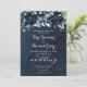 Peões azuis marinhos em cascata com folhagem verde-prateada de eucalipto contra fundo azul-d-água com uma caligrafia branca com fonte de rico anunciando seu casamento.
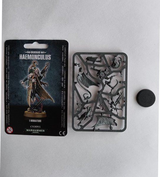 Denna vara inkluderar en omonterad Warhammer 40,000 Drukhari Haemonculus miniatyr på sprue, tillsammans med en bas.
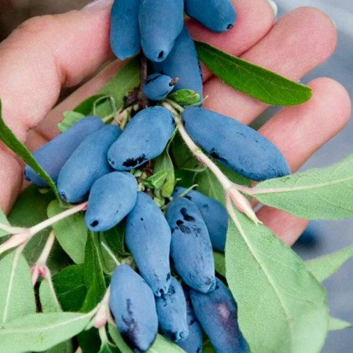 Жимолость «Аврора» – популярный канадский сорт жимолости, который высоко ценится за очень крупные сладкие ягоды и стабильную урожайность. Это кустарник, достигающий во взрослом состоянии высоты 1,2 м при диаметре кроны 1,2-1,4 м, образовывая округлую, слегка раскидистую форму. Ягоды очень крупные (длиной 2,5-3 см, массой 2-2,5 г), удлиненно-цилиндрические, с сине-голубым восковым налетом. Мякоть нежная, сочная, с преобладанием сладости над кислотностью, десертного вкуса без горечи.
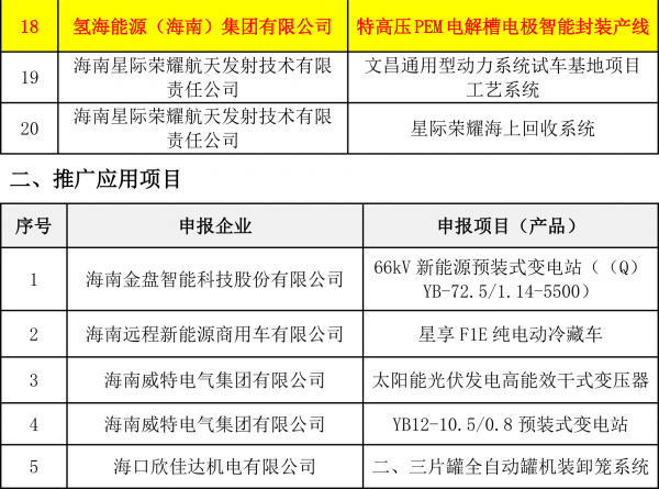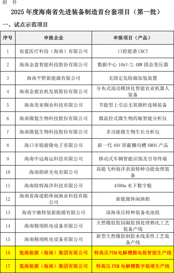9月2日,海南省工業和信息化廳公布2025年度海南省先進裝備制造首臺套項目(第一批),氫海能源(海南)集團有限公司“特高壓PEM電解槽膜電極智能生產線”、“特高壓PEM電解槽數字裝堆生產線”、“特高壓PEM電解槽電極智能封裝產線”三個項目入選。

══════

Give the data above back unchanged, except for the pictures.

 Peões azuis marinhos em cascata com folhagem verde-prateada de eucalipto contra fundo azul-d-água com uma caligrafia branca com fonte de rico anunciando seu casamento.
 Denna vara inkluderar en omonterad Warhammer 40,000 Drukhari Haemonculus miniatyr på sprue, tillsammans med en bas.
 Жимолость «Аврора» – популярный канадский сорт жимолости, который высоко ценится за очень крупные сладкие ягоды и стабильную урожайность. Это кустарник, достигающий во взрослом состоянии высоты 1,2 м при диаметре кроны 1,2-1,4 м, образовывая округлую, слегка раскидистую форму. Ягоды очень крупные (длиной 2,5-3 см, массой 2-2,5 г), удлиненно-цилиндрические, с сине-голубым восковым налетом. Мякоть нежная, сочная, с преобладанием сладости над кислотностью, десертного вкуса без горечи.
9月2日,海南省工業和信息化廳公布2025年度海南省先進裝備制造首臺套項目(第一批),氫海能源(海南)集團有限公司“特高壓PEM電解槽膜電極智能生產線”、“特高壓PEM電解槽數字裝堆生產線”、“特高壓PEM電解槽電極智能封裝產線”三個項目入選。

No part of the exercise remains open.